Hiszpania 5-4 Francja [WIDEO]

***

Na dwie minuty przed końcowym gwizdkiem głównie dzięki zaangażowaniu Cherkiego wicemistrzów świata dzieliła już tylko jedna bramka od wyrównania i pół godziny dogrywki. Ostatecznie, pomimo heroicznej walki, zabrakło jednak czasu.

Ze wszystkich 19 podań tylko jedno okazało się niecelne, za to aż trzy były kluczowe, jednak dwóch z nich na gola nie potrafili zamieniać koledzy.
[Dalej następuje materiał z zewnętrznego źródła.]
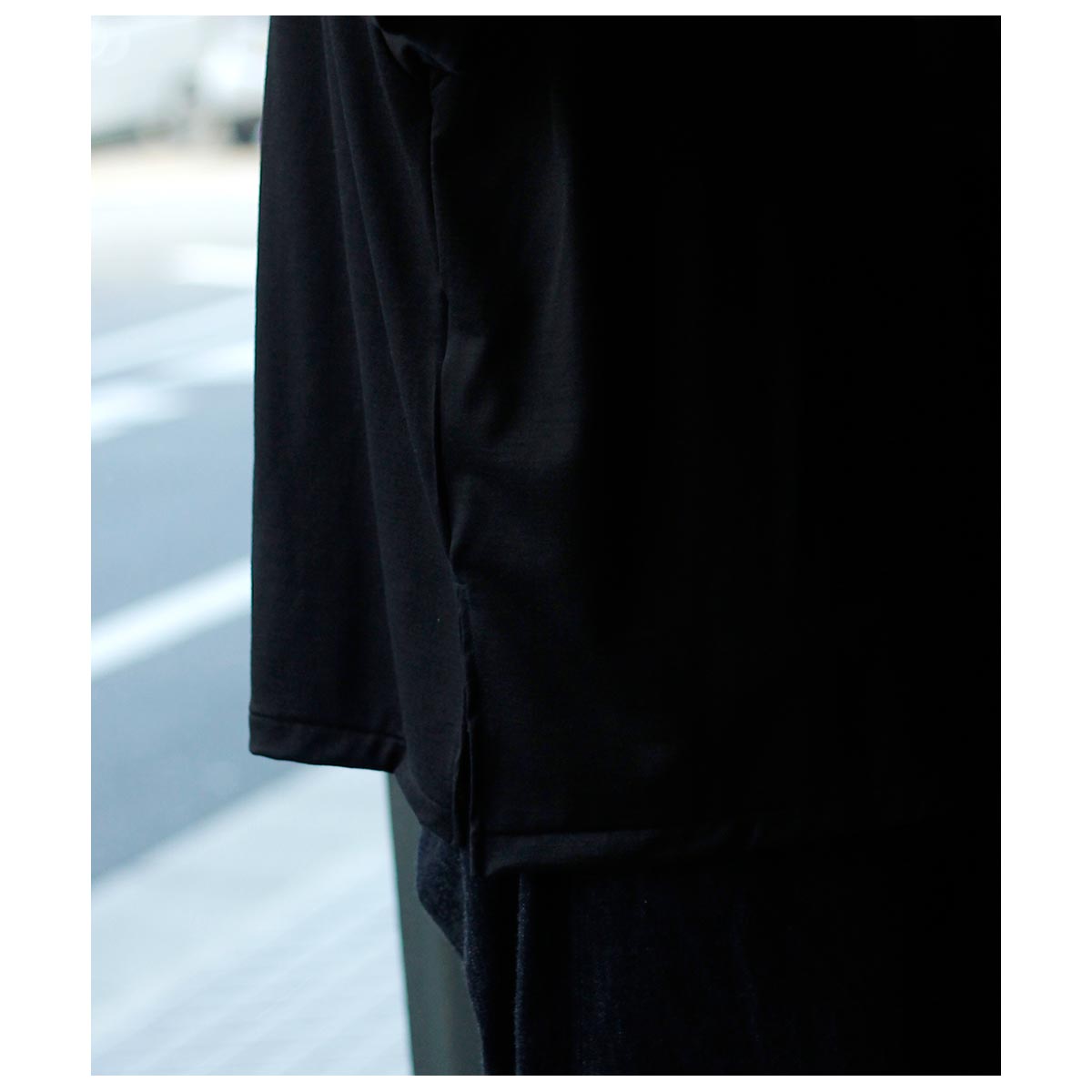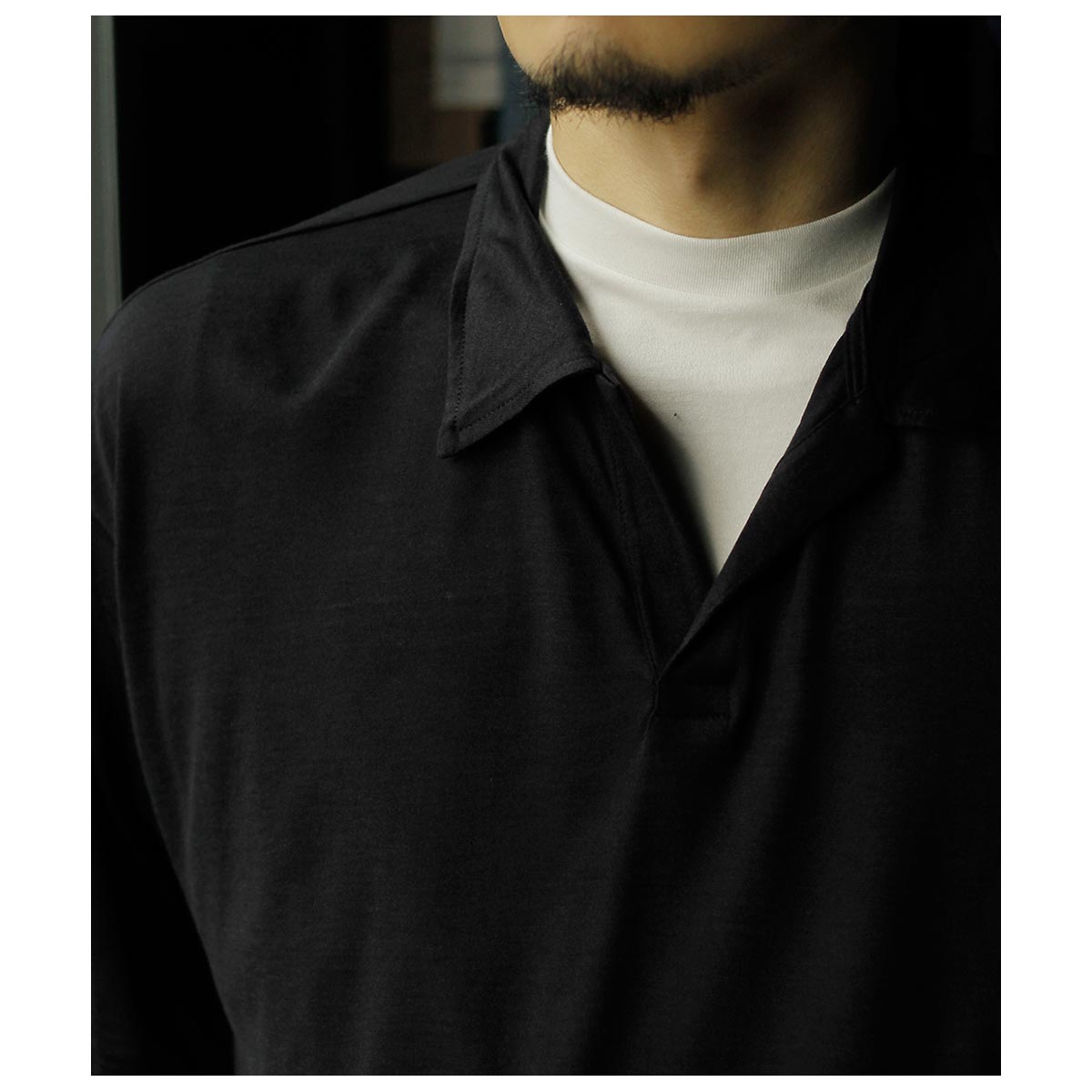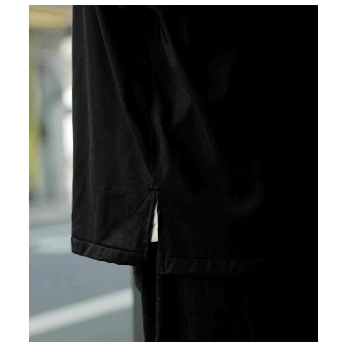 エクストラファインメリノによる48番単糸を使用したオリジナルのウール天竺生地。生機の時点で強い光沢感があるものの、整理加工時にさらに特殊加工を施し光沢感となめらかな表面感、美しい落ち感を表現しています。
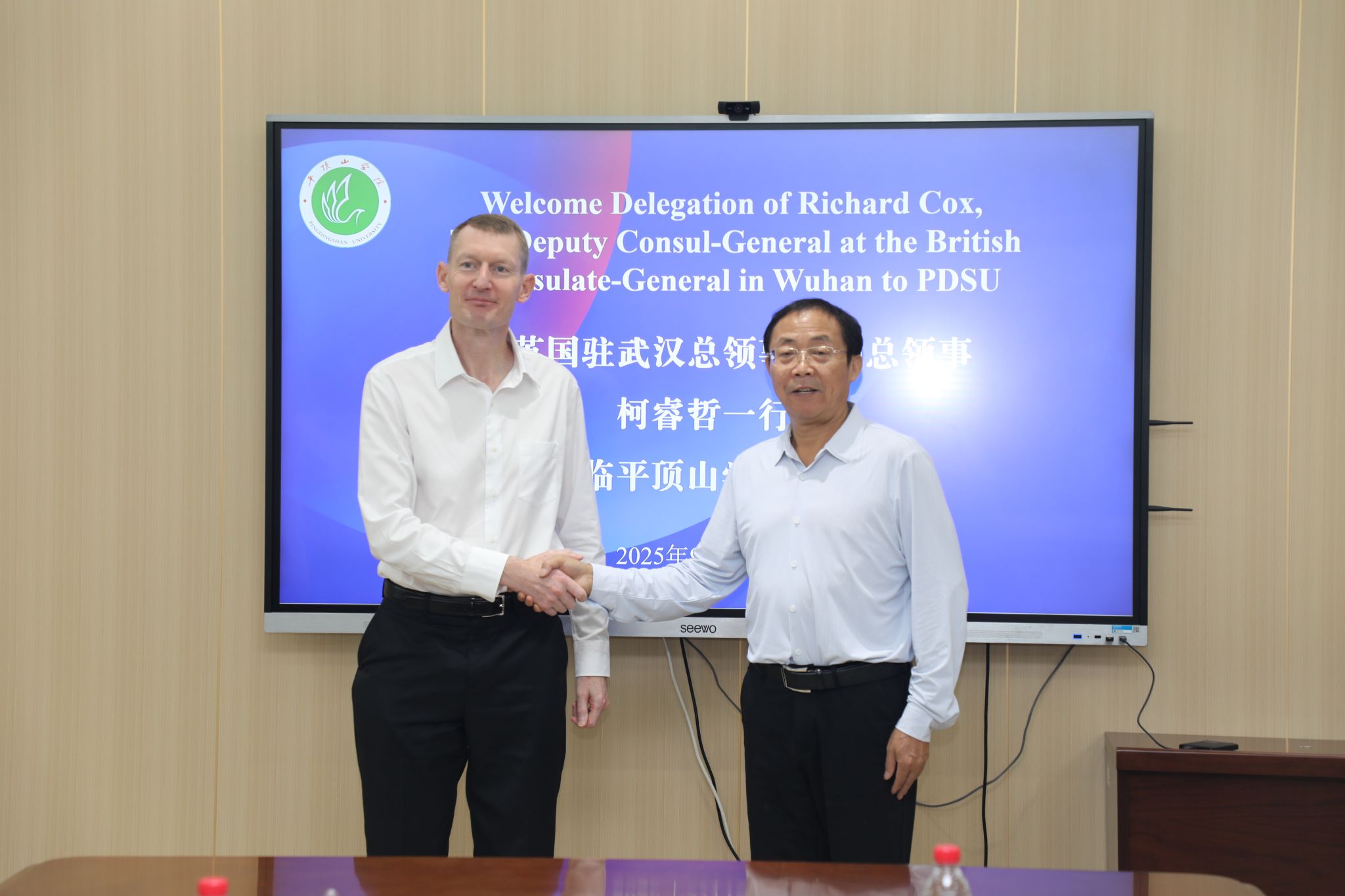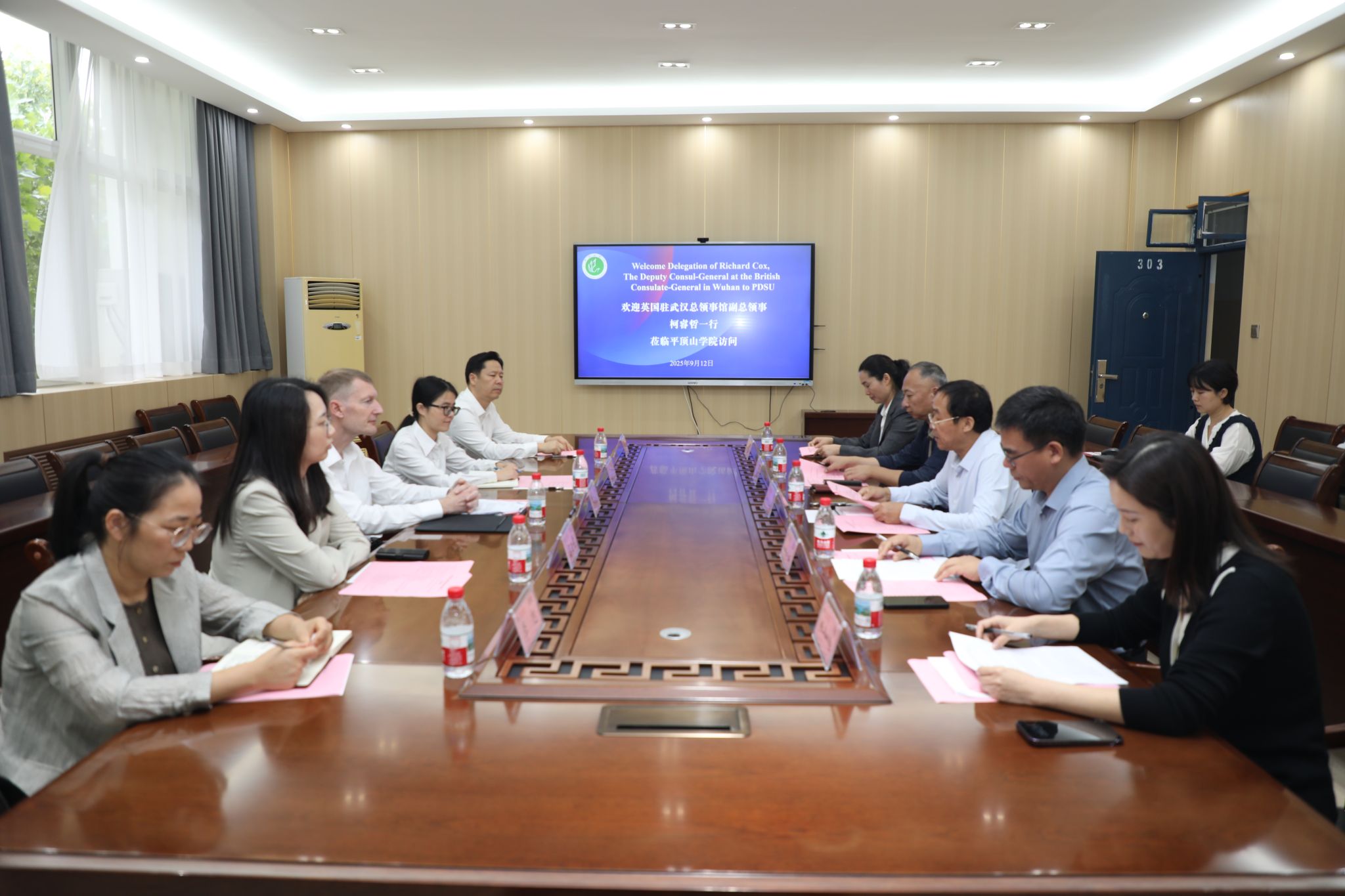 9月12日上午,英国驻武汉总领事馆副总领事柯睿哲(Richard Cox)、河南省委外事办公室欧美处三级主任科员高云鹭、平顶山市委办公室副主任、市委外事办公室副主任曹锦川等一行莅临我校访问。我校在办公楼303会议室举行欢迎仪式,副校长于长立,体育学院院长王继强,文学院副院长王惠参加。仪式由国际交流与合作中心主任王雁冰主持。

Gdyby nie ostateczny wynik, z pewnością o tym zawodniku mówiono by najgłośniej.

O usługi wychowanka Lyonu mocno zabiegał Liverpool, ale wszystkie znaki na niebie i ziemi wskazują, że wybierze on największego konkurenta z Premier League w ostatnich kilku sezonach.